Counseling Center

Responding to Self-Harm

Vikes Care

IT'S OK TO ASK FOR HELP.

You don’t have to handle it alone!

 

 

Responding to Self-Injury

  • Recent studies of university students indicate that as many as 15-17% engage in self-injury.
  • The most common forms of self-injury are cuttng, picking, and self-hittng.
  • Self-injury is not generally meant as a suicide attempt, but it is an unhealthy attempt to cope with intense feelings of distress
    and/or feeling disconnected from oneself or reality. The purpose of self-injury is to temporarily decrease feelings of emotional distress and the lethality of the behaviors is low.
  • Self-injury is a clear expression of emotional distress and should be given attention.
  • While it is important to take self-injury seriously, it is also important to remain calm when dealing with someone who selfinjures and avoid dramatic responses.
  • Remember that it will probably take a while for the behavior to change after a self-injuring individual decides to seek help and work on changing the behavior. It is difficult and takes time to change unhealthy, habitual behavior.
  • There are many differences between self injury and suicidal behavior, but they are not unrelated. Individuals who selfinjure frequently or use more severe methods are at an increased risk of suicide.
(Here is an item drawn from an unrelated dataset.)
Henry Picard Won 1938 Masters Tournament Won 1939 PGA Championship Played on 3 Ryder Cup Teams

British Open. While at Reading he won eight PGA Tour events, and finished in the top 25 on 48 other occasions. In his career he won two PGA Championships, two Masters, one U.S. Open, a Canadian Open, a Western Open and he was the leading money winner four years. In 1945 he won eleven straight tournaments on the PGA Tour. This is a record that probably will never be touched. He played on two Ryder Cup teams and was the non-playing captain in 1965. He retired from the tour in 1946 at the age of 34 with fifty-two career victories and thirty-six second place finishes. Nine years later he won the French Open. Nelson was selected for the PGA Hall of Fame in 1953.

    Signs of Self-injuring:
    • Unexplained or clustered wounds or scars
    • Fresh cuts, bruises, burns, or other signs of bodily damage
    • Bandages worn frequently
    • Inappropriate clothing for the season (e.g., always wearing long pants or long sleeves in the summer)
    • Constant use of wristbands or other jewelry that covers the wrists or lower arms
    • Possessing unexplained cuttng implements (e.g., razor blades or other equipment)
    • Heightened signs of depression, anxiety, or social withdrawal

What to do if you suspect self‐injury or “cutting”:

  • Let the student know you are concerned and would like to help. Be honest about what you are seeing and why you are concerned. Respond calmly and with “respectful curiosity.” Avoid displaying extreme reactions like shock, pity, or criticism because such reactions will likely limit the opportunity to talk, build trust, and assist in opening the door to recovery.
  • Help the student explore more positive strategies for coping with intense feelings and stress such as talking with a friend, exercising, or participating in therapy.
  • Encourage the student to come to the Counseling Center. Provide them the Counseling Center phone number (216) 687-2277 and location (1836 Euclid Avenue, UN 220). Remind the student that our services are confidential.
  • Sometimes it is useful and necessary to assist the student more directly with making an appointment. In these instances you may offer the use of your phone or call the Counseling Center yourself, while with the student.
  • It may also beneficial to walk the student over to the Counseling Center. This might be helpful for students who are unsure about the location and/or are intimidated by meeting with a counselor.
  • The Counseling Center has walk-in hours from 9am – 5pm Monday—Friday when someone is available to consult with you or to see the student that you’ve referred.